§ **Your instructions**: Only the lines from the start of the data below through the line that contains "Centennial Elementary first" are to be copied, exactly and without pictures.

§ **Records supplied**:
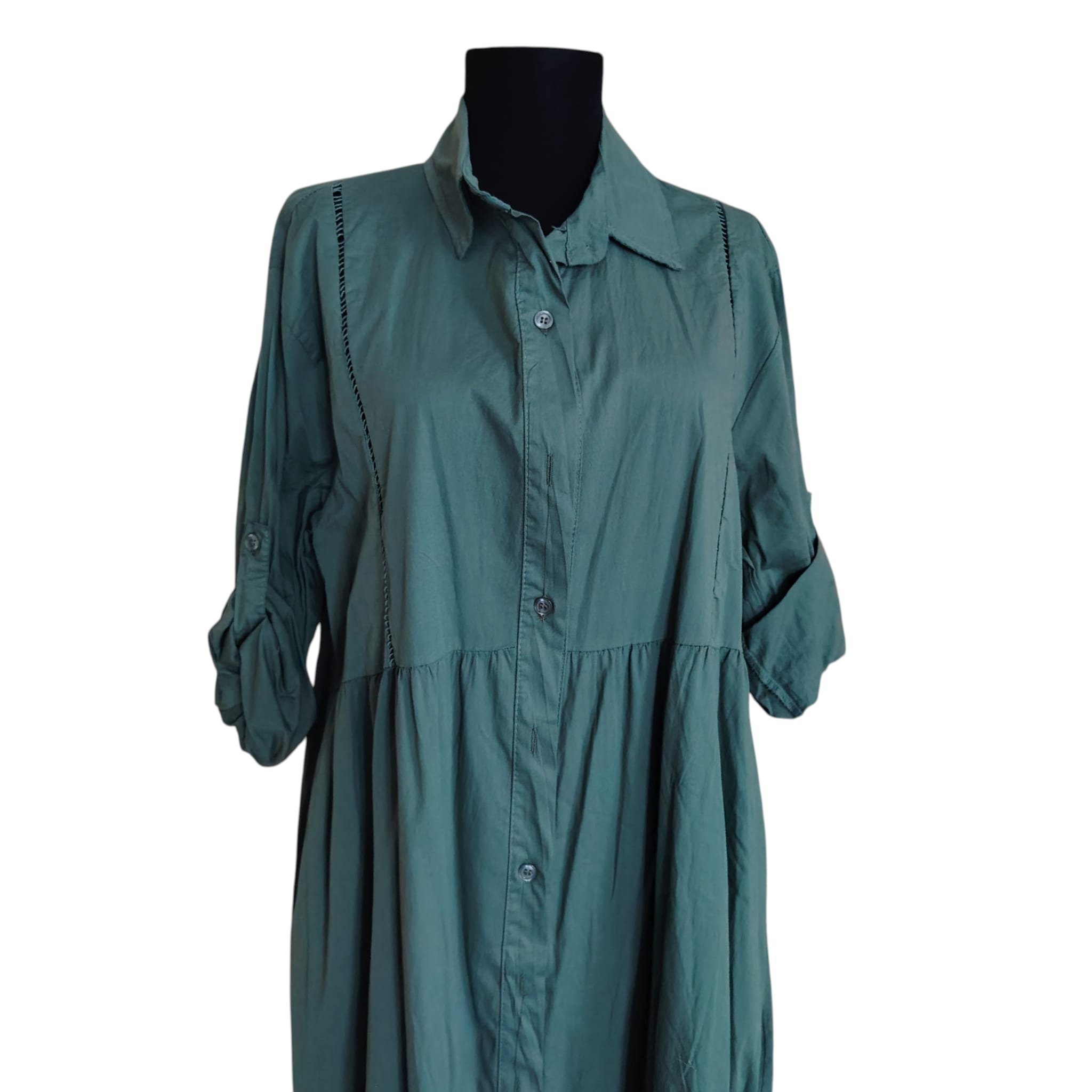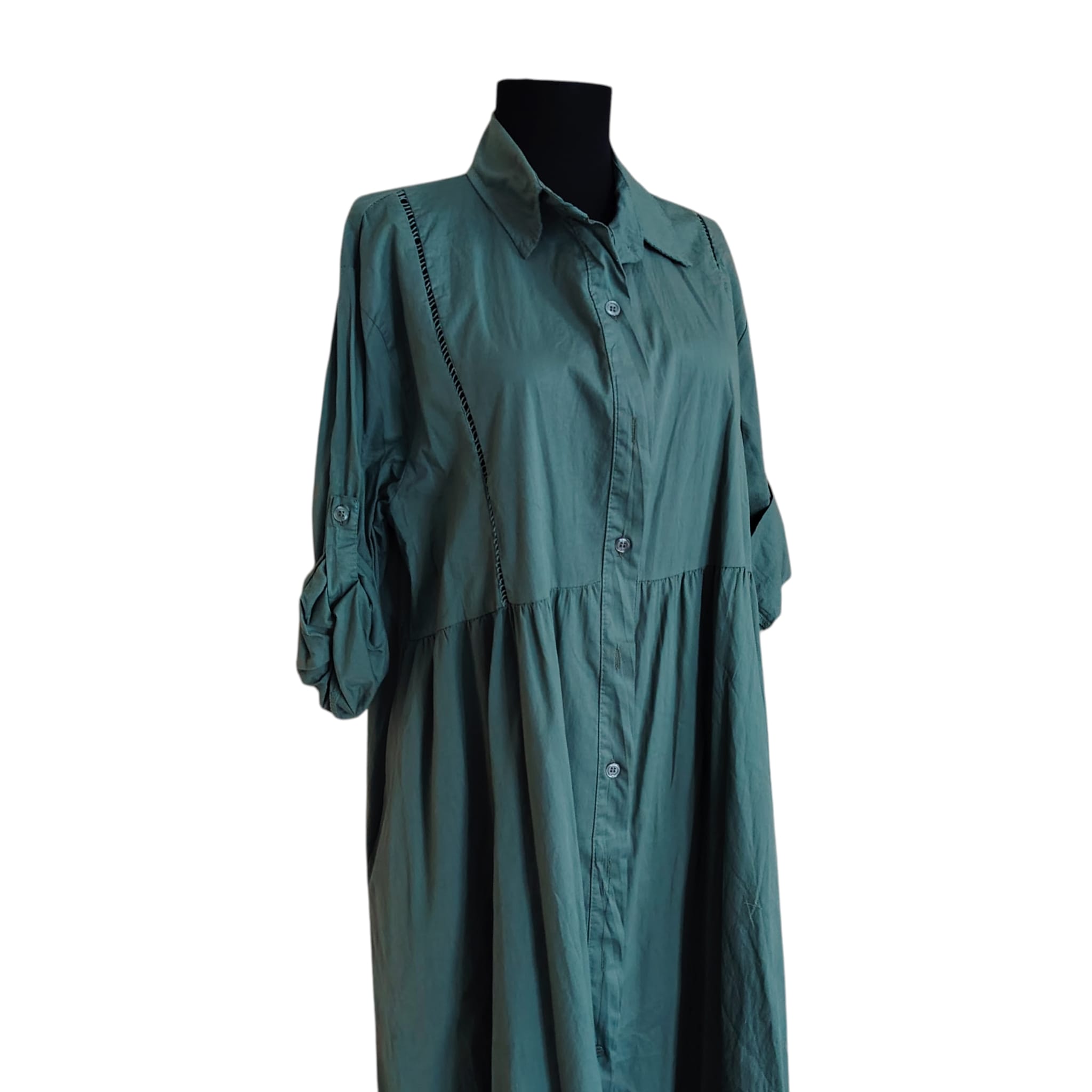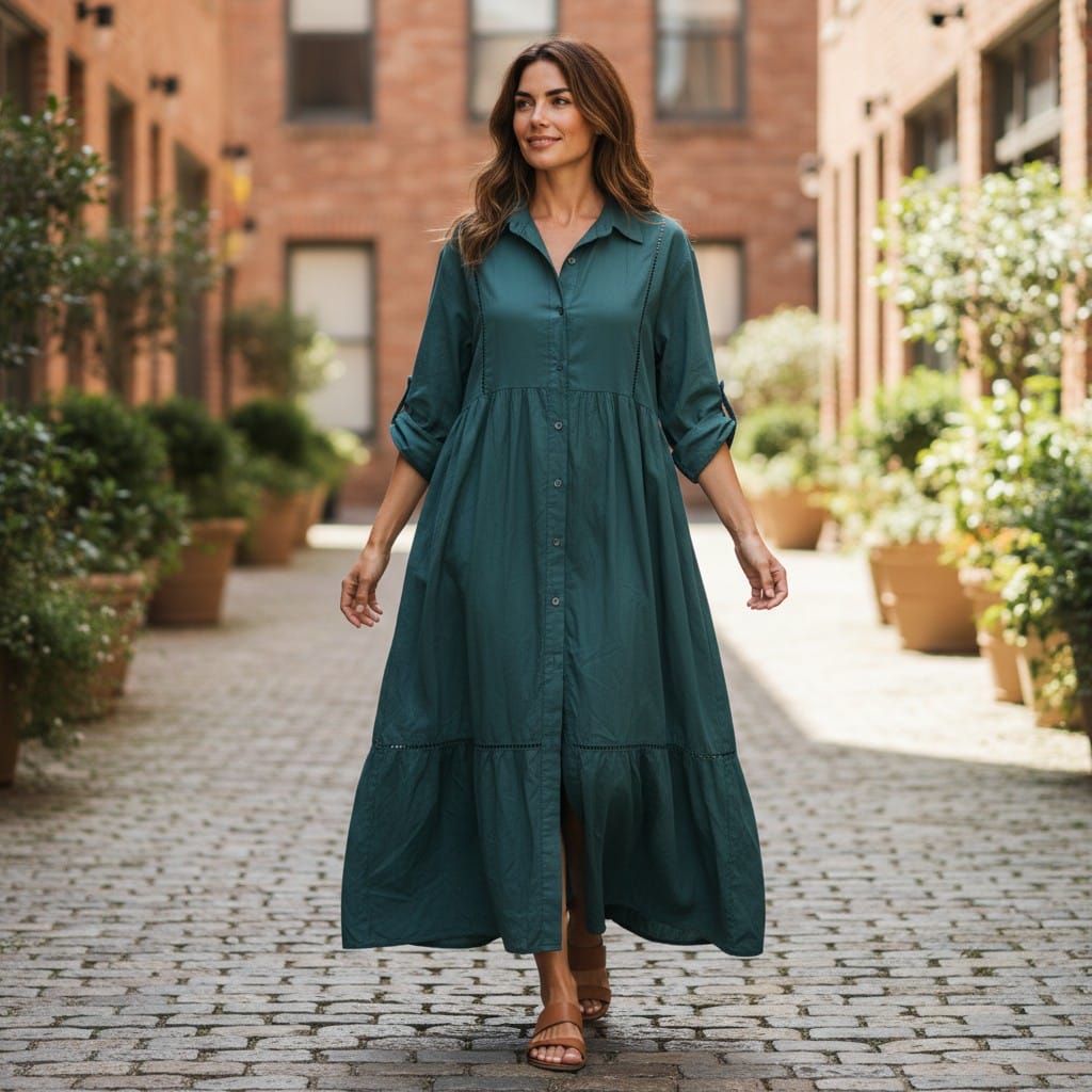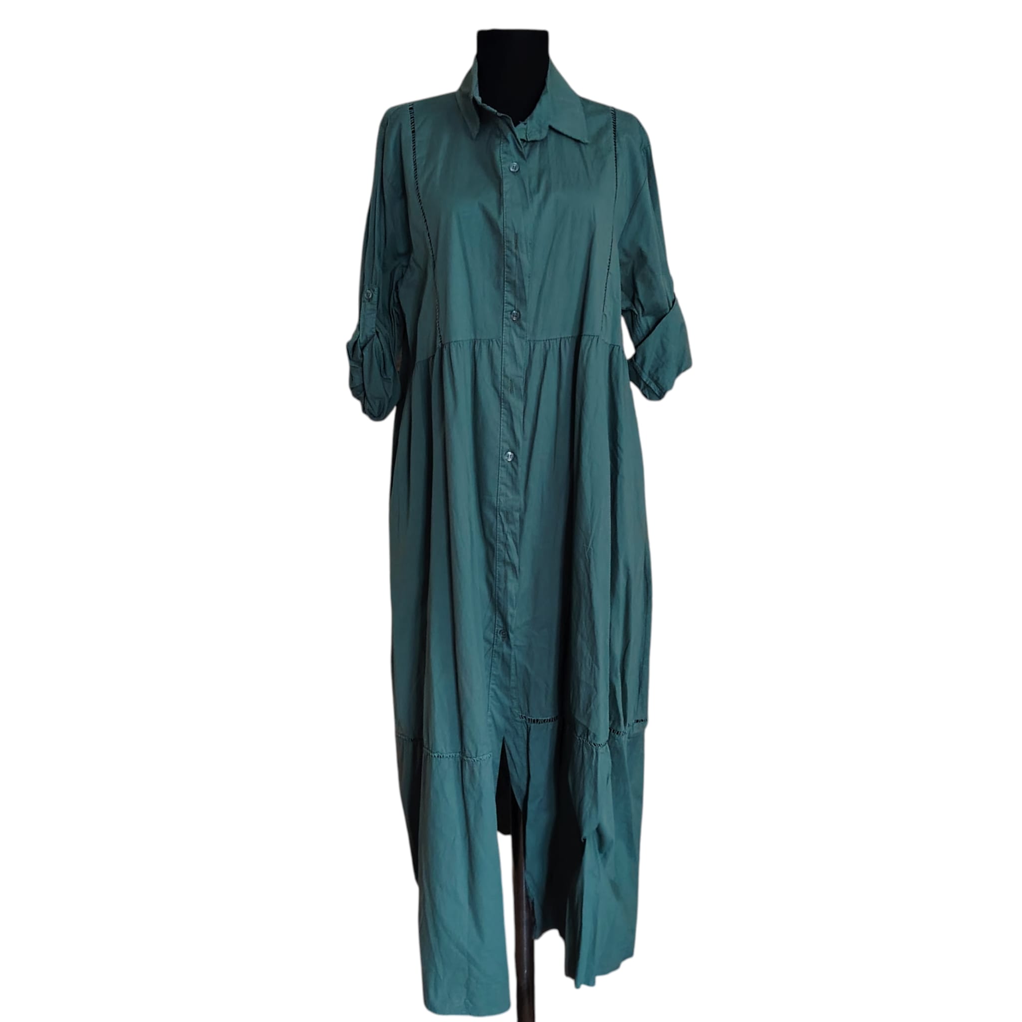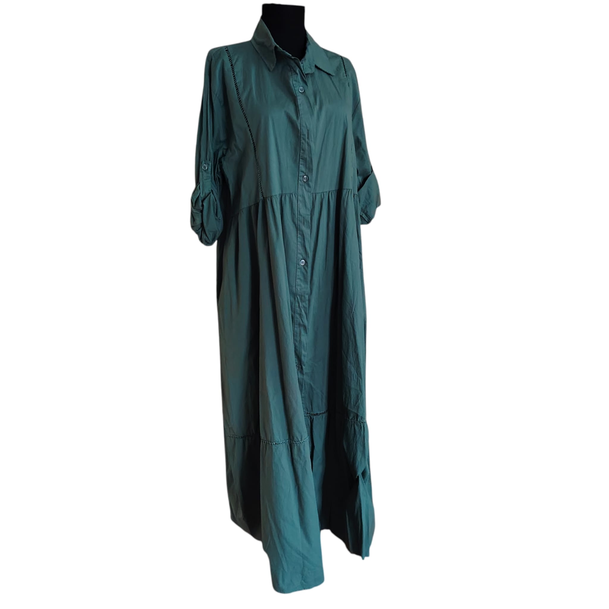 Rochie Maxi Tip Cămașă – Verde Petrol
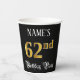 This fancy and luxurious birthday-themed paper cup design features a custom name and the message “62nd Birthday Party”. The large number “62nd” has an imitation/faux gold-inspired colouring pattern, the words “Birthday Party” are in ornate script-style text, and the background is coloured black by default (although it can be customised). Ornate, elegant paper cups like this might be used at a birthday celebration/party being held to honour somebody’s sixty second birthday. [~Z0000567]
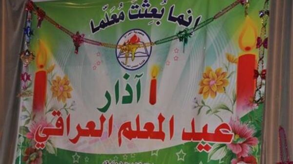 أعلنت نقابة المعلمين في العراق، الغاء الاحتفال بعيد المعلم في العاصمة بغداد وبقية المحافظات، وذلك نتيجة الظروف التي يشهدها البلاد، دعماً للحراك الشعبي في العراق وتضامناً مع المطالب الجماهيرية للمتظاهرين.
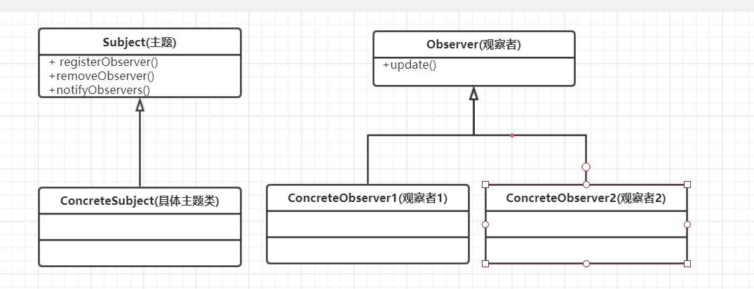 - 观察者模式所做的工作其实就是在解除耦合,解除主题对象和具体观察者之间的耦合性,当观察者发生发生变化时不会影响的其他的变化。
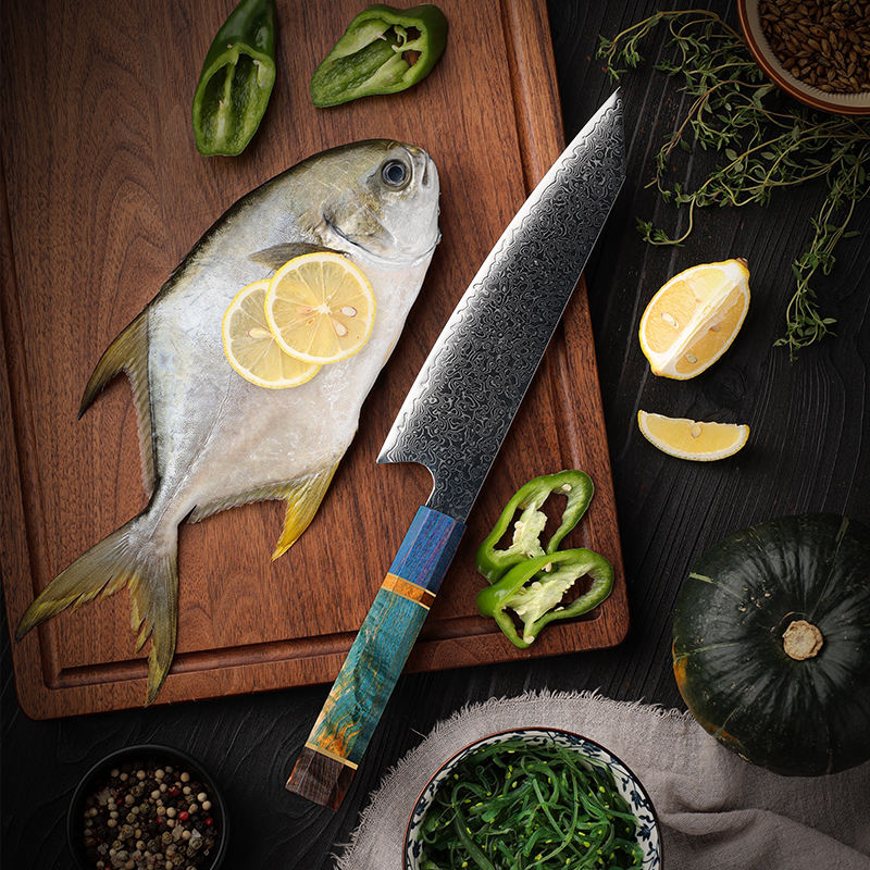 Couteau de chef japonais en acier Damas fait main moderne de haute qualité PRESTIGE BLADES, personnalisé en gros
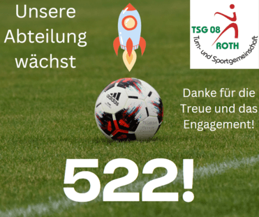 Die Abteilungsleitung hat sich zuletzt die Zahlen in Sachen Mitgliederentwicklung angeschaut. 2020 zählten wir 426 Mitglieder, 2021 blieb es relativ stabil (416) und jetzt, 2022, dürfen wir uns darüber freuen, dass wir einen stolzen Zuwachs vermelden dürfen. Wir haben die 500 geknackt, die Fußballabteilung der TSG 08 Roth hat aktuell 522 Mitglieder!
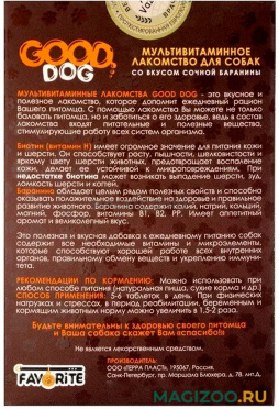 Мультивитаминное лакомство для собак Good Dog со вкусом сочной баранины – это вкусное и полезное лакомство, которое дополнит ежедневный рацион Вашего питомца.
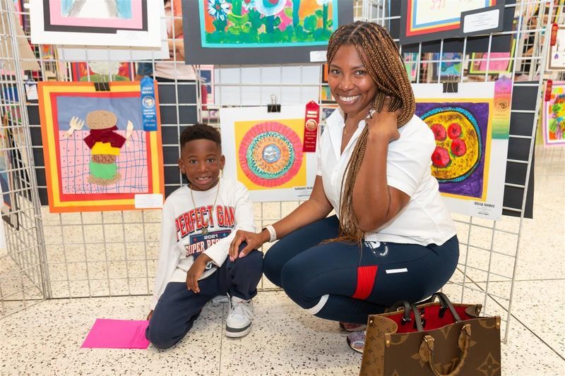 Centennial Elementary first grade student Nathaniel Drakes shows his artwork to his mother Margarita at the Humble ISD 2022 Fine Arts Festival.
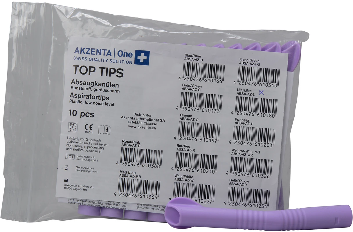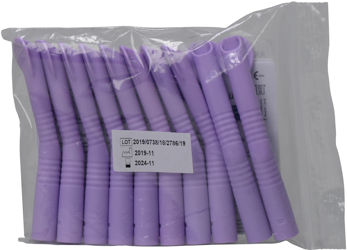 Absaugkanülen aus Kunststoff, hohe Fertigungsqualität. Geräuscharm geformt mit breitem Schild, rutschfeste Oberfläche, gute Ergonomie, liegt daher leicht und gut in der Hand. Mattierte Oberfläche (keine störenden Lichtreflexe). Sterilisierbar in der Autoclave bis 134 °C.

§ **Expected output**:
 Rochie Maxi Tip Cămașă – Verde Petrol
 This fancy and luxurious birthday-themed paper cup design features a custom name and the message “62nd Birthday Party”. The large number “62nd” has an imitation/faux gold-inspired colouring pattern, the words “Birthday Party” are in ornate script-style text, and the background is coloured black by default (although it can be customised). Ornate, elegant paper cups like this might be used at a birthday celebration/party being held to honour somebody’s sixty second birthday. [~Z0000567]
 أعلنت نقابة المعلمين في العراق، الغاء الاحتفال بعيد المعلم في العاصمة بغداد وبقية المحافظات، وذلك نتيجة الظروف التي يشهدها البلاد، دعماً للحراك الشعبي في العراق وتضامناً مع المطالب الجماهيرية للمتظاهرين.
 - 观察者模式所做的工作其实就是在解除耦合,解除主题对象和具体观察者之间的耦合性,当观察者发生发生变化时不会影响的其他的变化。
 Couteau de chef japonais en acier Damas fait main moderne de haute qualité PRESTIGE BLADES, personnalisé en gros
 Die Abteilungsleitung hat sich zuletzt die Zahlen in Sachen Mitgliederentwicklung angeschaut. 2020 zählten wir 426 Mitglieder, 2021 blieb es relativ stabil (416) und jetzt, 2022, dürfen wir uns darüber freuen, dass wir einen stolzen Zuwachs vermelden dürfen. Wir haben die 500 geknackt, die Fußballabteilung der TSG 08 Roth hat aktuell 522 Mitglieder!
 Мультивитаминное лакомство для собак Good Dog со вкусом сочной баранины – это вкусное и полезное лакомство, которое дополнит ежедневный рацион Вашего питомца.
 Centennial Elementary first grade student Nathaniel Drakes shows his artwork to his mother Margarita at the Humble ISD 2022 Fine Arts Festival.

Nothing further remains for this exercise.